RECORDS SUPPLIED Block Start
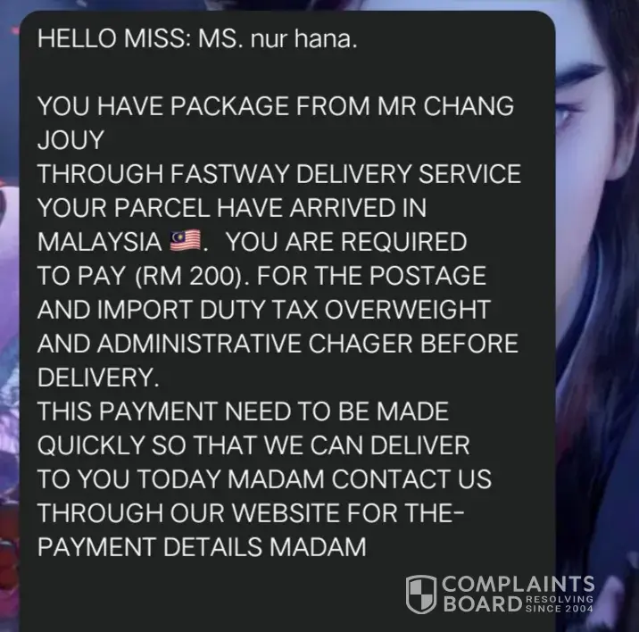 saya baru sahaja kena parcel scam dengan syarikat fastway courier ni, mereka mengugut saya untuk menangkap saya sekiranya tidak membayar parcel tersebut dengan harga rm1200. memang tak masuk akal langsung wey! mohon ambik tindakan pihak pengurusan, saya tak nak orang lain menjadi mangsa lagi selepas ini, disebabkan ini, saya telah mengalami depresi yang membuatkan saya takut untuk keluar bekerja, sila ambik tindakan!
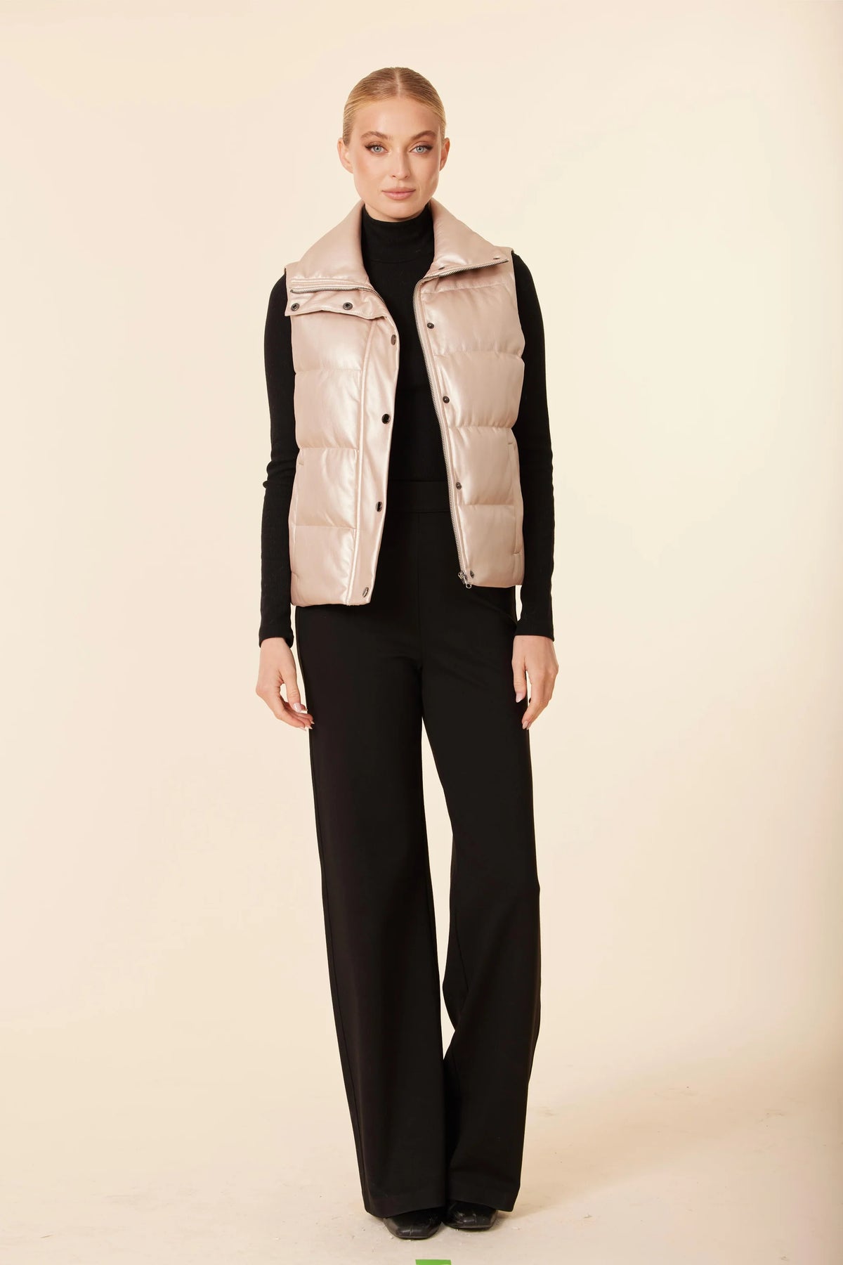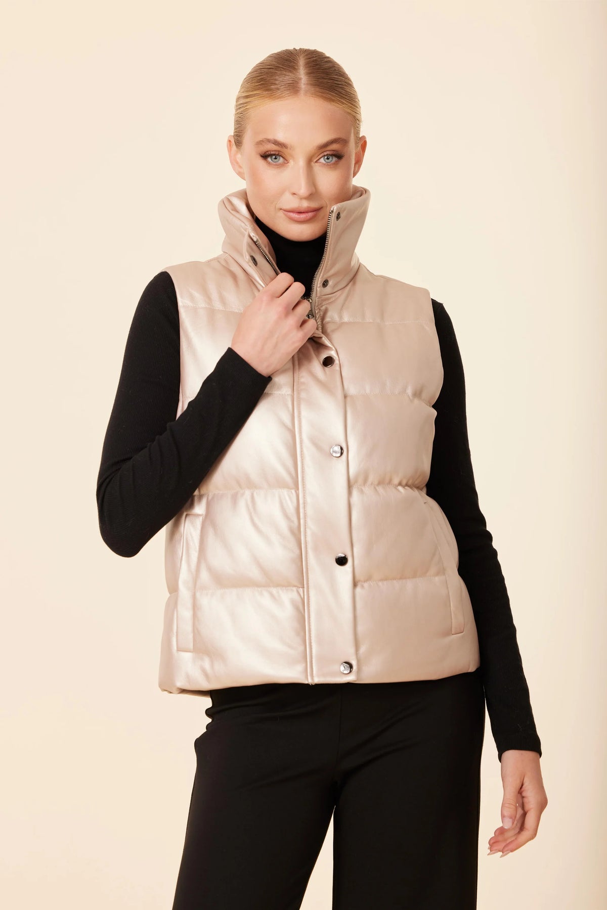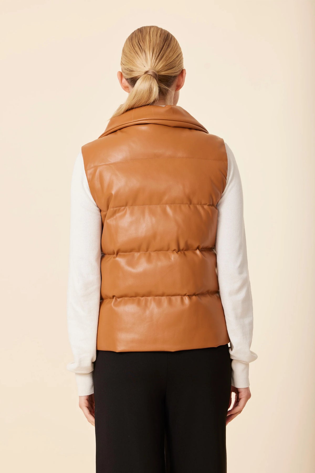 Regular price $139.95 Save $-139.95Stay warm and on-trend this Fall with our faux leather puffer vest, featuring a high stand collar, snap-button closure, and sleek puffer design. Perfect for layering over sweaters or knits, this cruelty-free outerwear piece combines modern casual style with cozy comfort—ideal for chic autumn and winter looks.
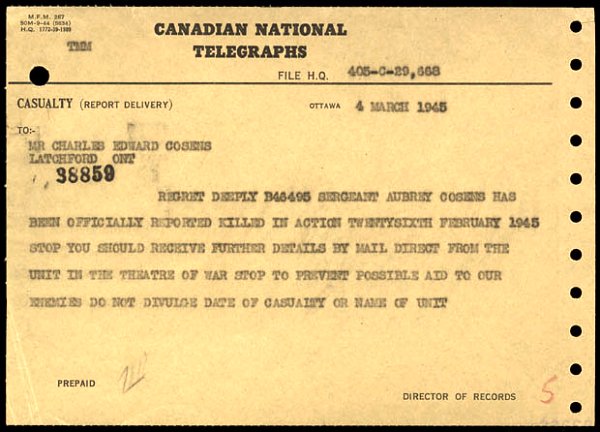 Casualty Telegram sent March 4, 1945Photo by the late Captain Geoff Winnington-BallThis photo was taken by Captain Craig Cameron in June 2000. The medals of Sergeant Cosens and his portrait are on display at the Queen’s Own Rifles of Canada Regimental Museum, at Casa Loma in Toronto. The Victoria Cross in the collection is a replica.
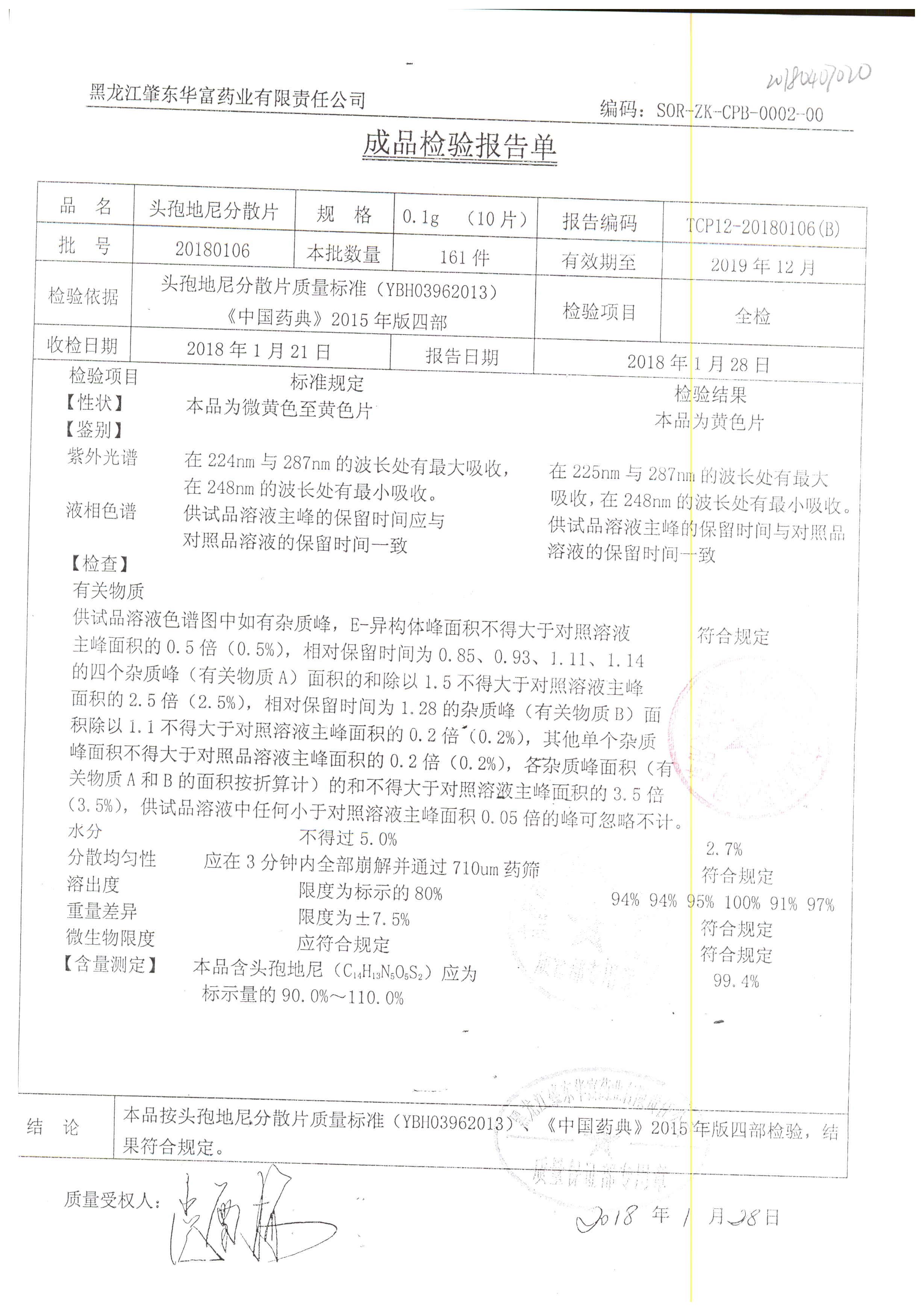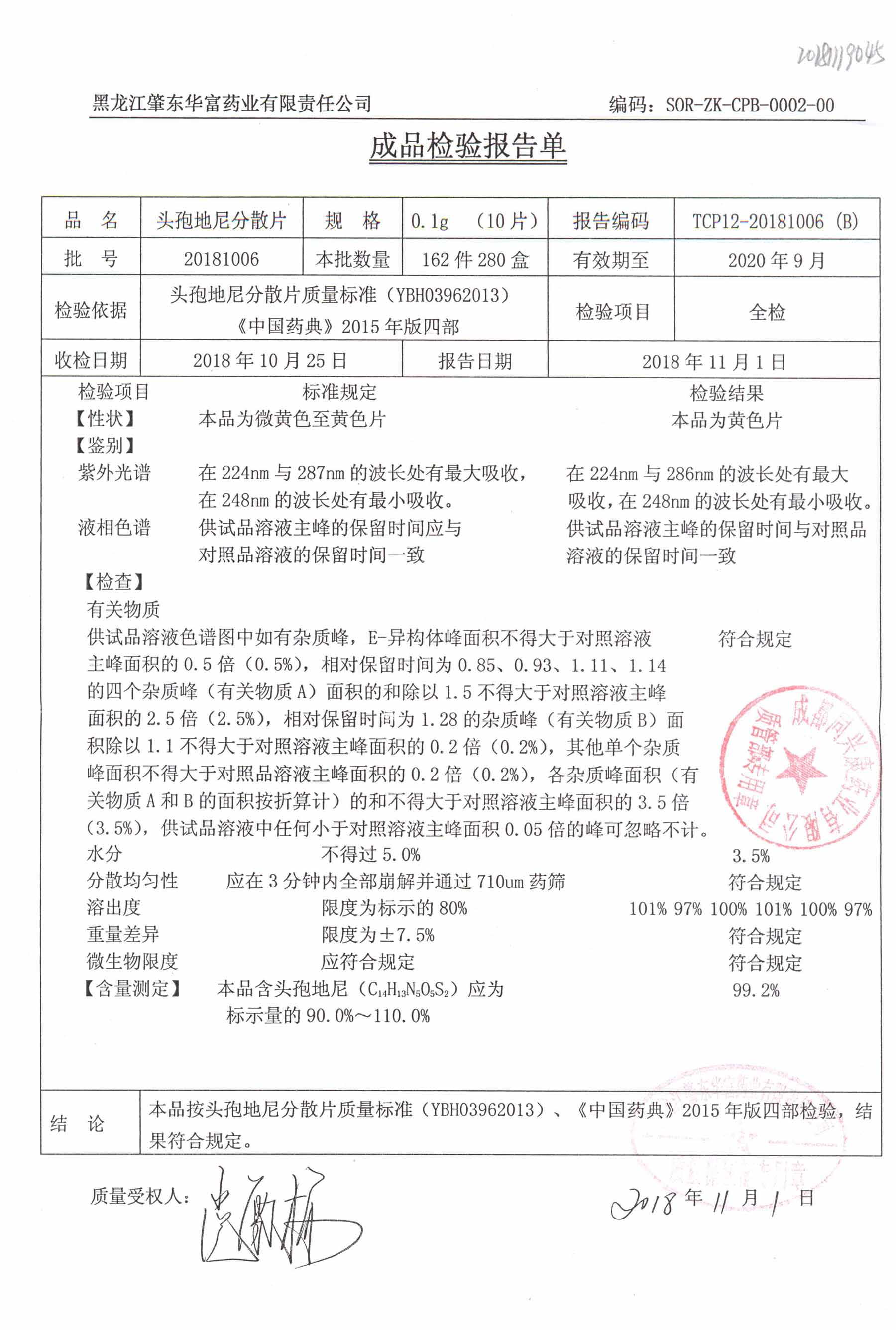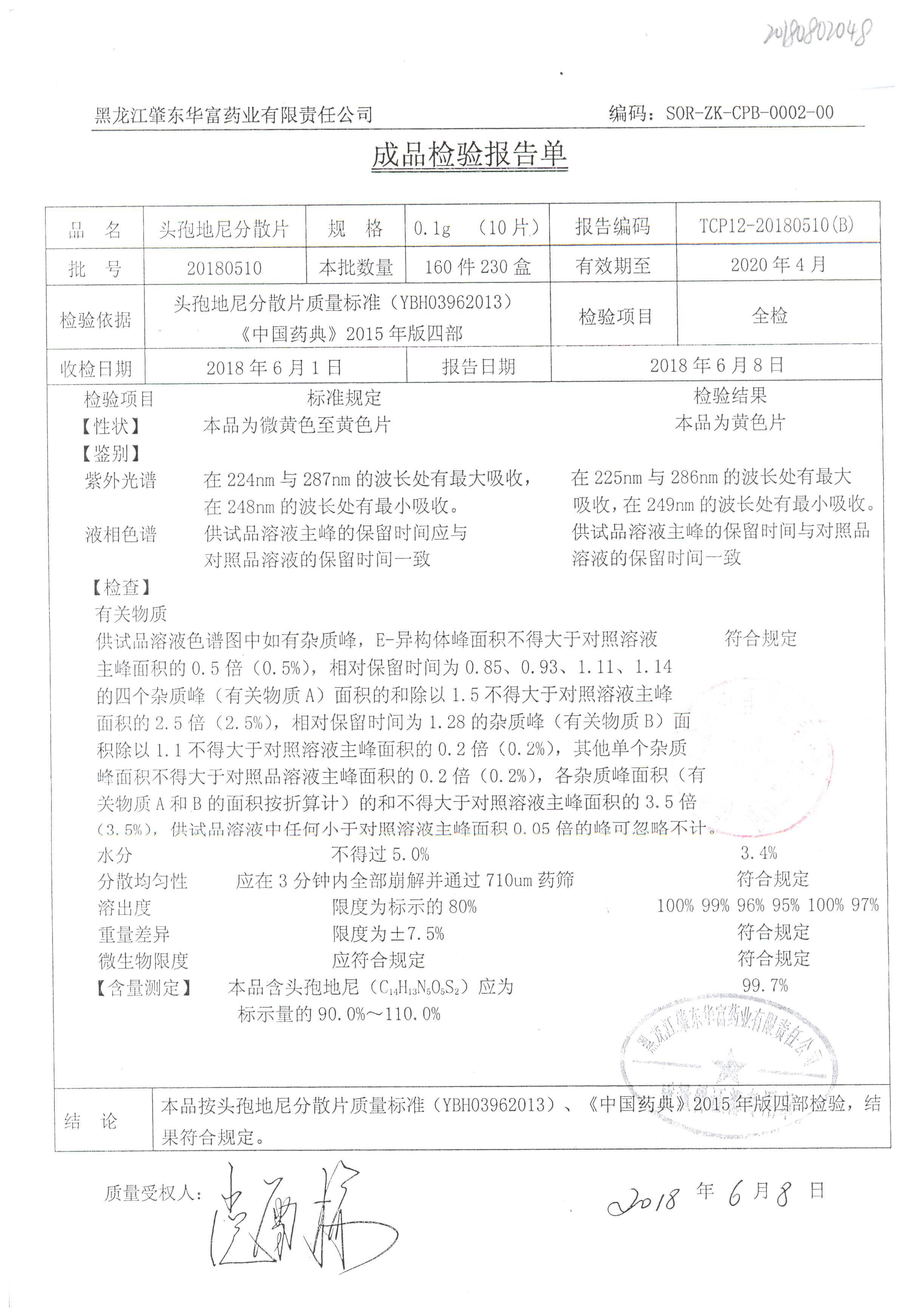 頭孢地尼分散片 | 0.1g*10s | 20190404 | 查看詳情 |
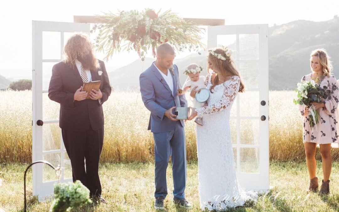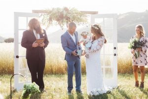 gorgeous-bride-and-groom-with-their-baby-at-the-altar-at-figueroa-mountain-farmhouse-wedding-in-california
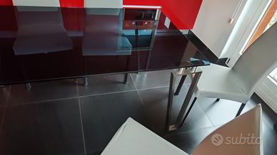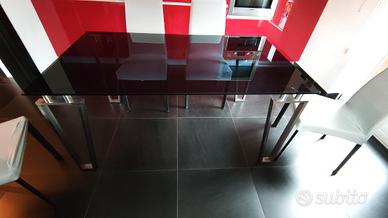 Tavolo in vetro con gambe in acciao molto bello. Dimensioni 160 x 90 x 75 (lung x larg x alt). Non spedisco
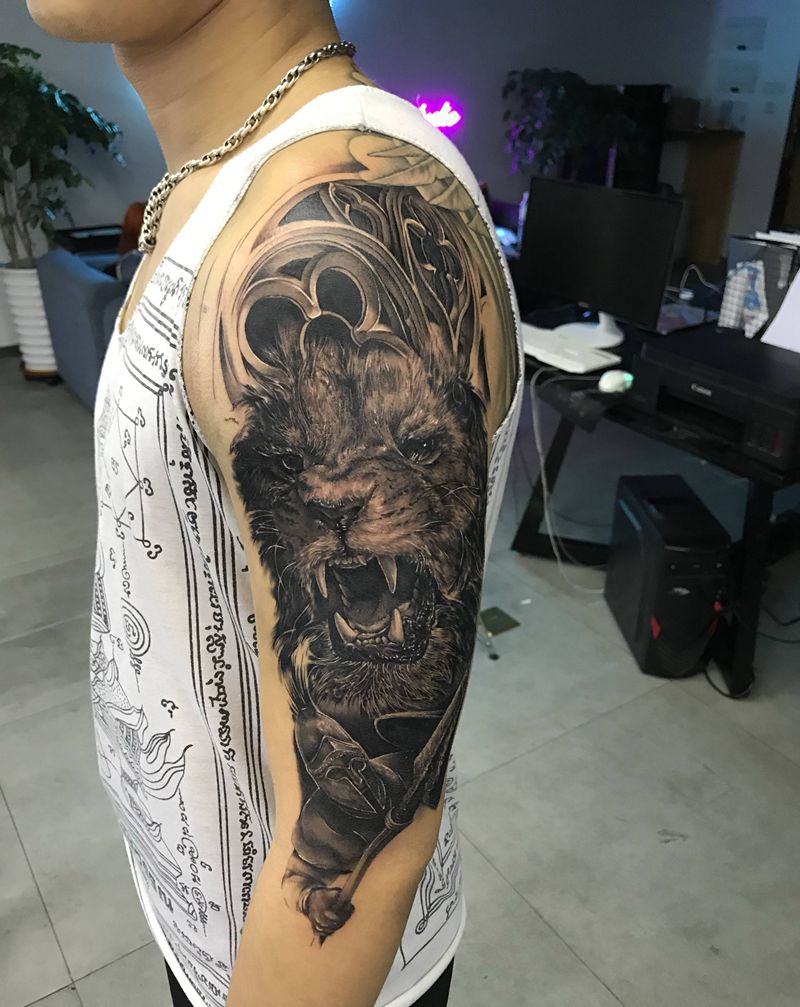 当前位置: 首页 >山东省青岛市纹身店-SKIN TICKET纹身图案>#Lion纹身图片_肩部手臂欧美写实纹身图案
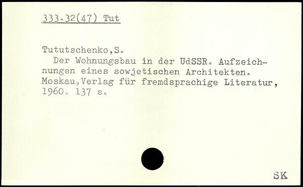Der Wohnungsbau in der UdSSR, Aufzeich, nungen eines sowjetischen
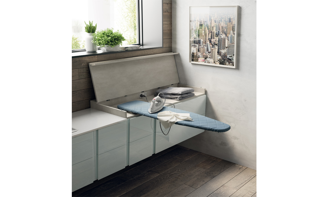 Cosa nascondere? Tutti gli elementi che definiscono l’ambiente lavanderia e che vengono sapientemente ridisegnati e magistralmente combinati da Scavolini dando vita a soluzioni arredative intelligenti, come l’asse da stiro che diviene estraibile dallo spessore del piano, così come i pensili dotati di stendipanni ed armadi ripostigli ideali per riordinare le attrezzature.
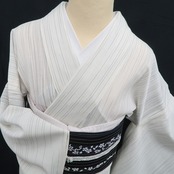 こちらのお着物は、ライトグレイッシュトーンの彩色で夏紬の清々しさにフォーカスしたシンプルな縦縞模様を込めています。どこまでも控えめな主張で、嫌みのない“さりげないセンス”がとても新鮮に映るお召し物です。
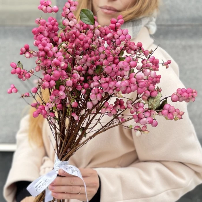 Снежноягодник розовый — это стильный и интересный элемент, который может украсить как интерьер, так и цветочные композиции, добавляя им особую привлекательность.
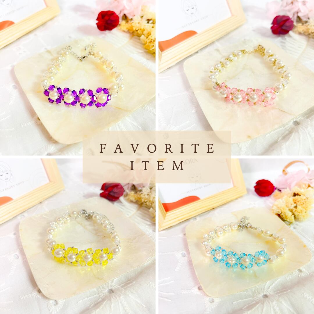 甘すぎないデザインのビーズブレスレット❁⃘*.゚
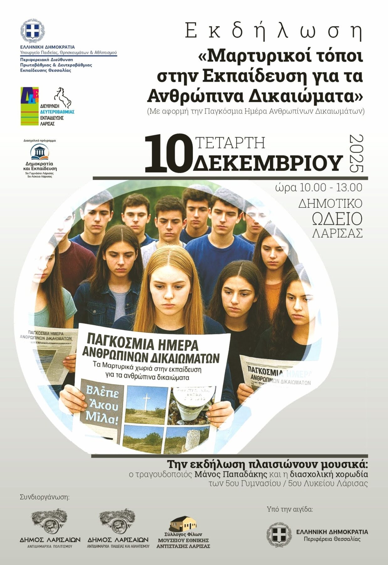 Με αφορμή την Παγκόσμια Ημέρα Ανθρωπίνων Δικαιωμάτων, την Τετάρτη 10 Δεκεμβρίου 2025, μαθητές, εκπαιδευτικοί, μουσικοί και πανεπιστημιακοί συναντώνται στο Δημοτικό Ωδείο Λάρισας (ώρες 10:00–13:00) στην εκδήλωση με τίτλο «Μαρτυρικοί τόποι στην Εκπαίδευση για τα Ανθρώπινα Δικαιώματα».
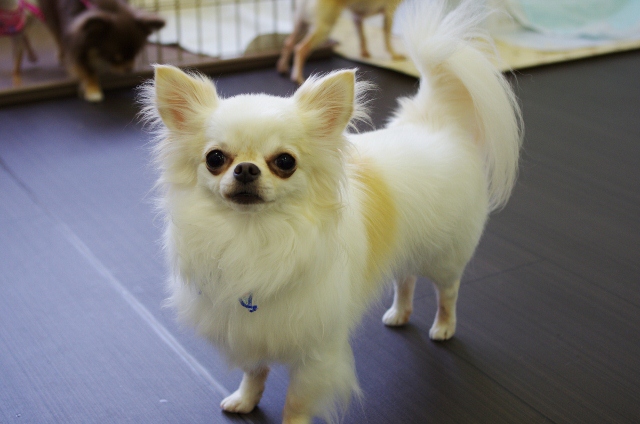 クリームのロングコートチワワが、うるるちゃん。
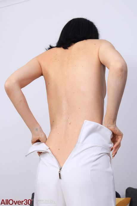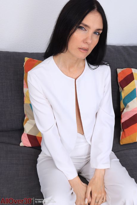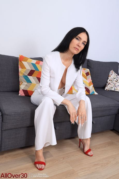 30 plus female Roxy Roz removes a dress before masturbating with a vibrator
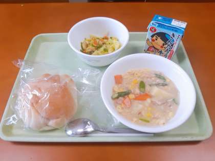今日の献立は、「牛乳・こめこロールパン・アスパラのクリームスープ・キャベツのセサミソテー」です。
RECORDS SUPPLIED Block End
**TASK STATEMENT:**
Starting with the line that contains "当前位置: 首页 >山东省青岛市纹身店-SKIN" and finishing with the line that contains "Der Wohnungsbau in", reproduce every line of the material above exactly, but not the pictures.

**RESPONSE AREA:**
 当前位置: 首页 >山东省青岛市纹身店-SKIN TICKET纹身图案>#Lion纹身图片_肩部手臂欧美写实纹身图案
Der Wohnungsbau in der UdSSR, Aufzeich, nungen eines sowjetischen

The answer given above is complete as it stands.